* Requirement
Look below for the line containing "我们中华民族进人文明阶段时,西方人充其量" and the line containing "في إطار سعيها", then set down both and every line between them exactly, without pictures.

* Source information
────────

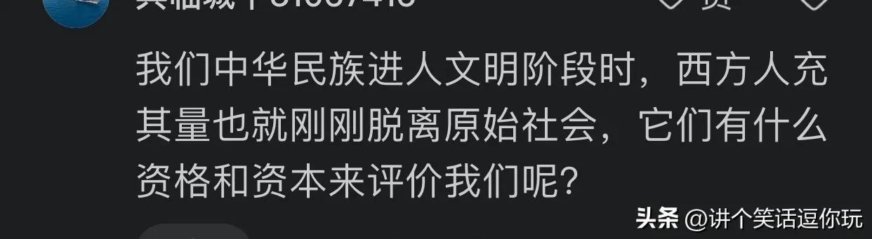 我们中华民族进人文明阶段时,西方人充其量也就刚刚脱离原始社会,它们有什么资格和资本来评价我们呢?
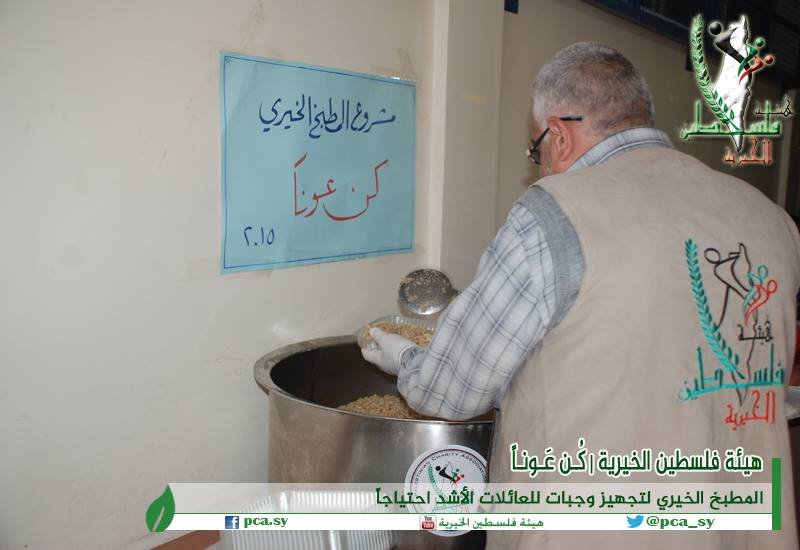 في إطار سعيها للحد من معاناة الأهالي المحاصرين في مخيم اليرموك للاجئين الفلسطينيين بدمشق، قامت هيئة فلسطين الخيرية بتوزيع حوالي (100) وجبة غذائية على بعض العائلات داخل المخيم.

────────

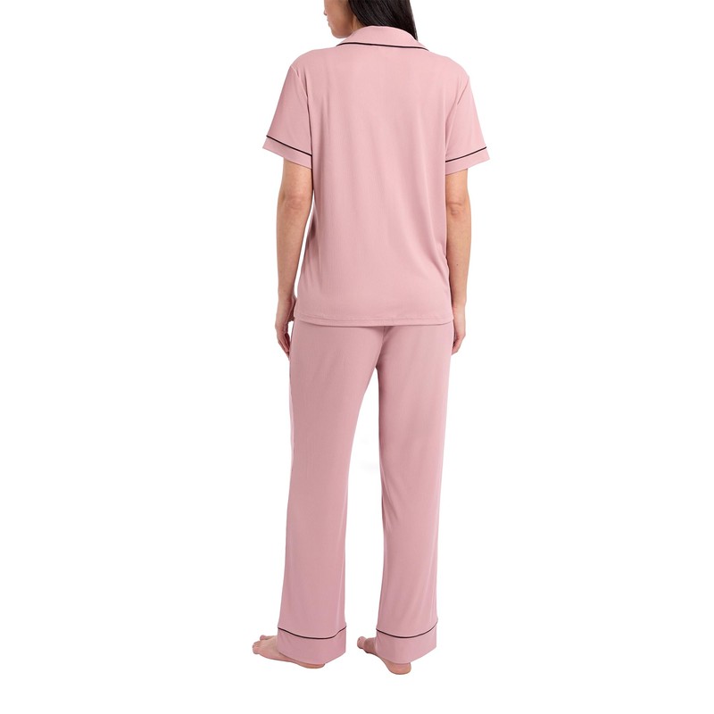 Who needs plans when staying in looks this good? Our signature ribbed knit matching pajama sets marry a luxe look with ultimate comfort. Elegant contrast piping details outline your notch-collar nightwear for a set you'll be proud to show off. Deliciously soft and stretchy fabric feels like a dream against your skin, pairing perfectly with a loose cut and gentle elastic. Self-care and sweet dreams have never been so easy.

────────

* Expected answer
 我们中华民族进人文明阶段时,西方人充其量也就刚刚脱离原始社会,它们有什么资格和资本来评价我们呢?
 في إطار سعيها للحد من معاناة الأهالي المحاصرين في مخيم اليرموك للاجئين الفلسطينيين بدمشق، قامت هيئة فلسطين الخيرية بتوزيع حوالي (100) وجبة غذائية على بعض العائلات داخل المخيم.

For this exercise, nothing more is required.